Bodensee nahe Schloss Arenenberg, Salenstein. Foto/Photo: TES.

The Grand Tour of Switzerland

It is not only (constitutional) history, (direct) democracy and the functioning of (autonomous) cantons that make Switzerland a special country.

The diversity of (cultural) landscapes in a relatively small area is also impressive. Switzerland’s so-called “Grand Tour” is a tour of fascinating locations. It is no longer the journey of sons (and sometimes a daughter) of (English) aristocrats in the eighteenth and nineteenth centuries but a destination for everyone.

The country has more than 40 peaks with an altitude of more than four kilometres, but also many larger and smaller lakes and rivers at an altitude of only a few hundred metres.

Travellers will find glaciers and promenades with palm trees in neighbouring cantons. Large gorges, e.g. the Rheinschlucht or the Viamala (bad road in Romansh) in one canton, give way to sloping agricultural areas in cantons further on.

Mountain passes with narrow roads and numerous viaducts for train and road transport, and spacious motorways alternate. Impermeable areas and agriculture are never far from each other.
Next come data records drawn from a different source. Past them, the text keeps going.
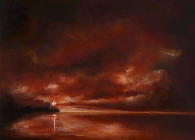 A dramatic evening off the coast of Scotland with Keiss Castle still standing against the sunset. An oil painting on oil paper with the border left on for ease of framing.
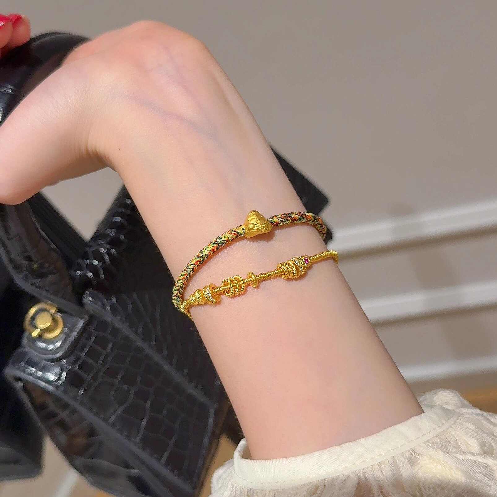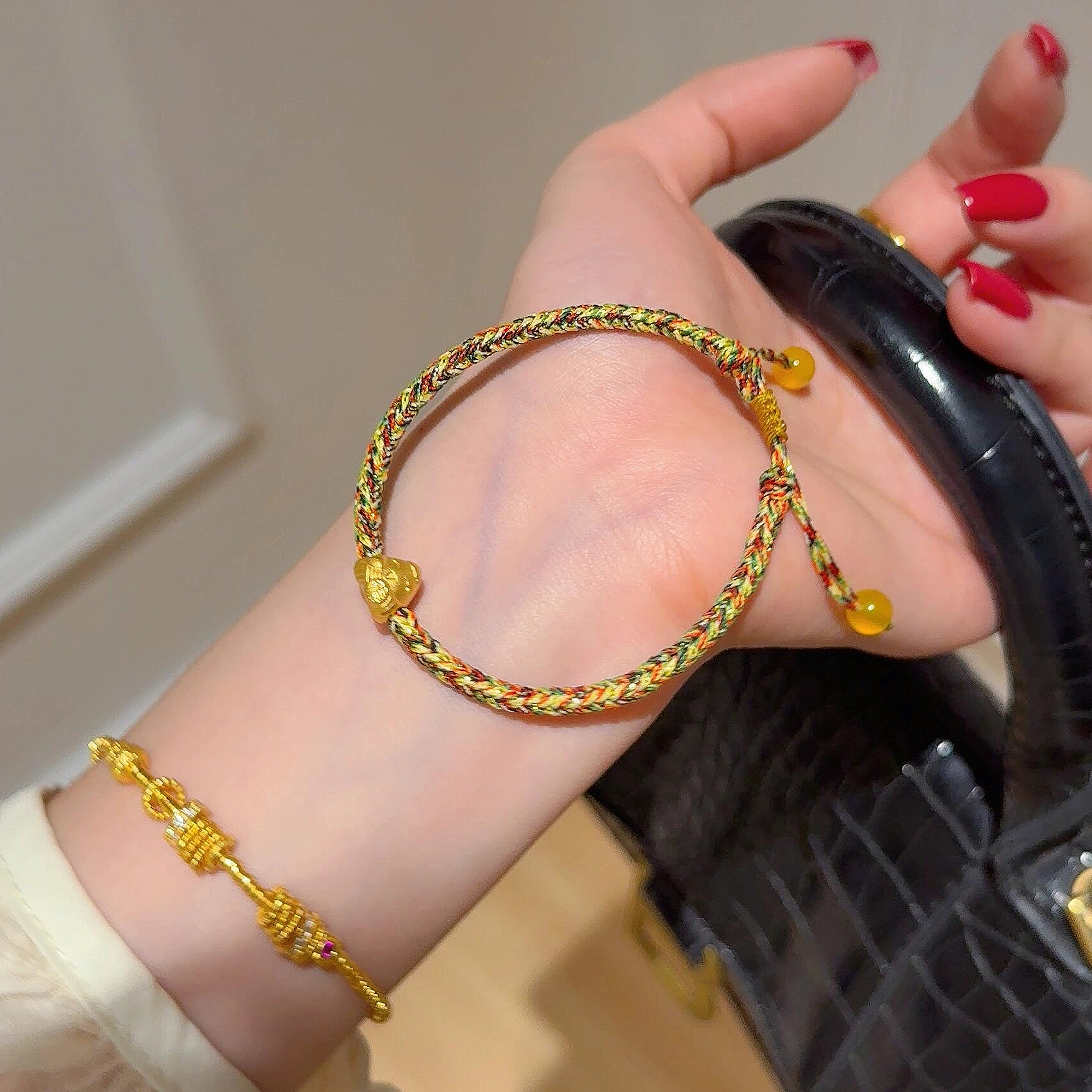 足金小粽子黄金手链男女款编织五彩绳中高考高粽儿童端午节礼物
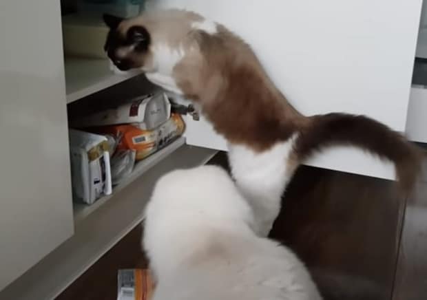 素直に飼い主さんにおやつおねだりしたら良いのに…。
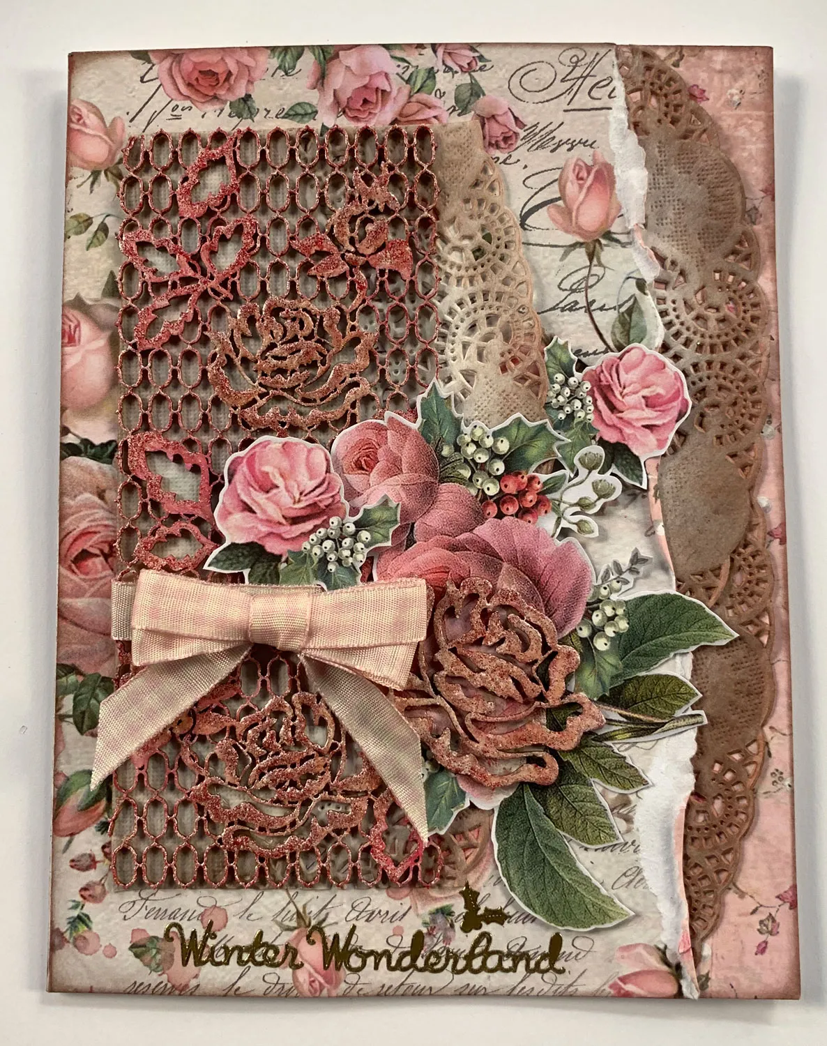 Cover the card front with the pink roses paper. Cut an oval doily into 4 pieces and go over just the edges with the Dusky Rose and Roasted Coffee ink pads. Glue two doily pieces as shown. Tear 1” from the right side of 5”x6.5” rose and script paper then glue to the front. Remove the rose trellis and 2 roses from the chipboard sheet. Cover with VersaMark and shake Azalea embossing powder over the top. Melt with heat gun. Glue ribbon around the trellis 2” from bottom and glue a bow on top. Glue the trellis chipboard over a doily section and trim the doily so only the right edge shows. Glue to the card, ½” from the fold.
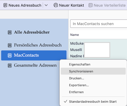 In meinem Beispiel wurde der neue Kontakt im Adressbuch "MacContacts" gespeichert, welches nichts anderes als das von mir in TB erstellte CardDav-Adressbuch für die macOS "Kontakte" ist
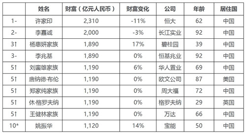 3月20日,胡潤(rùn)研究院今日發(fā)布《2020胡潤(rùn)全球房地產(chǎn)富豪榜》(Hurun Global Real Estate Rich List 2020)。上榜企業(yè)家主要財(cái)富來源于房地產(chǎn)領(lǐng)域,上榜門檻為十億美金,財(cái)富計(jì)算截止日期為2020年1月31日。
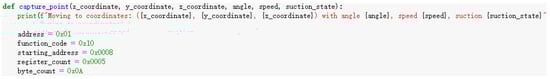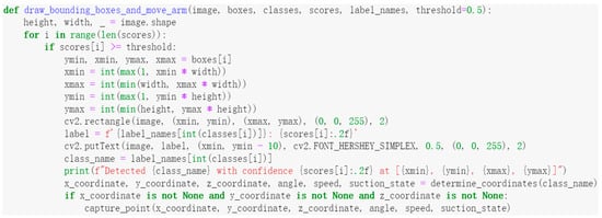 Figure 7 presents the code for drawing bounding boxes around detected targets and guiding the robotic arm to specified coordinates based on the target category. Figure 8 shows the code for generating Modbus protocol commands to move the robotic arm to the specified coordinates and execute the adsorption action.
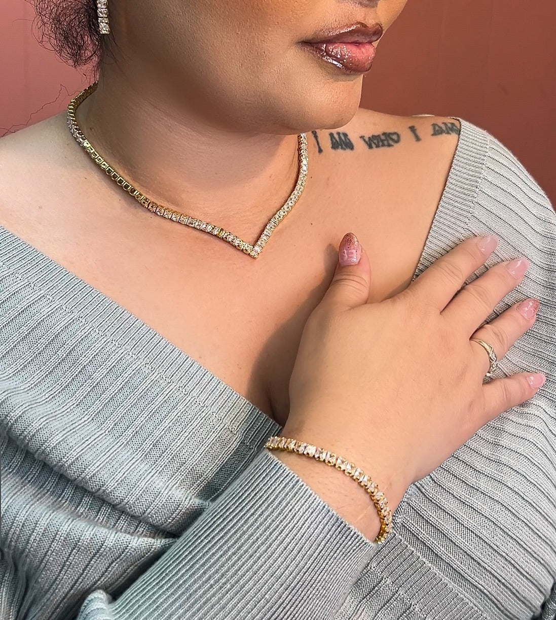 A stunning and dainty Cubic Zirconia stones Bridal neck piece and earring set. For the minimalist yet chic and exquisite aesthetic. This set is beautiful and versatile and can be worn in different ways .
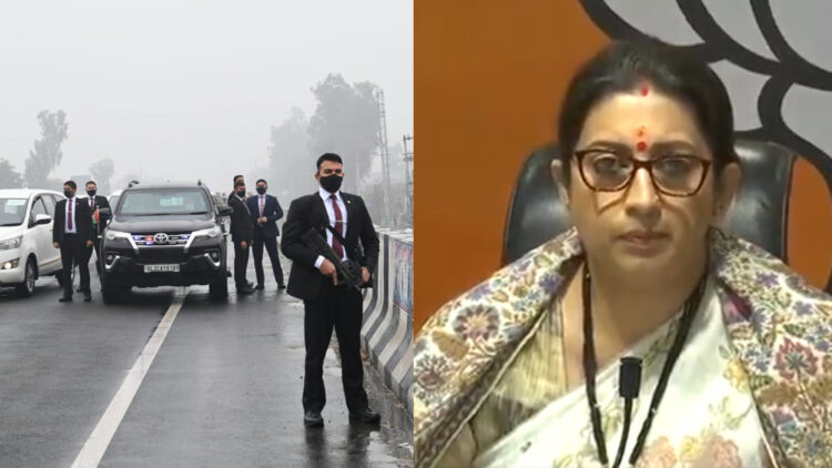 പഞ്ചാബിലെ ക്രമസമാധാന നില ഏത് നിലയിലാണെന്നതിന്റെ തെളിവാണിതെന്നും സ്മൃതി ഇറാനി പറഞ്ഞു. പ്രധാനമന്ത്രിക്ക് സുരക്ഷ നൽകാൻ കഴിവില്ലെന്നാണ് പഞ്ചാബ് ഡിജിപി പറയുന്നതെന്നും കോൺഗ്രസ് ആണ് ഇതിന് മറുപടി നൽകേണ്ടതെന്നും അവർ പറഞ്ഞു.
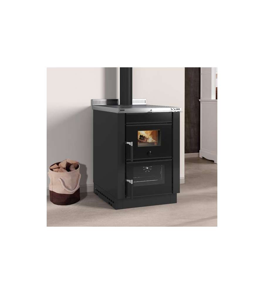 Cucina a legna con focolare in ghisa e Nordiker, porta fuoco in ghisa con triplo vetro, telaio in acciaio inox, cassetto cenere estraibile, regolazione automatica aria, dimensioni (LxPxH) 600x600x850-910 mm. Certificazione Ambientale DM186 4 Stelle.Destinazione d'uso:

The oldest abbeys are on the same Tour as places with modern architecture and museums.

The young English aristocrats were mostly on their way to Italy. The modern tourist will find everything that European nature and (cultural) history offer on this Tour.

Everything, not everything. According to the Glacier Garden (Gletschergarten) in Lucerne, it was millions of years ago that Switzerland was covered by the sea.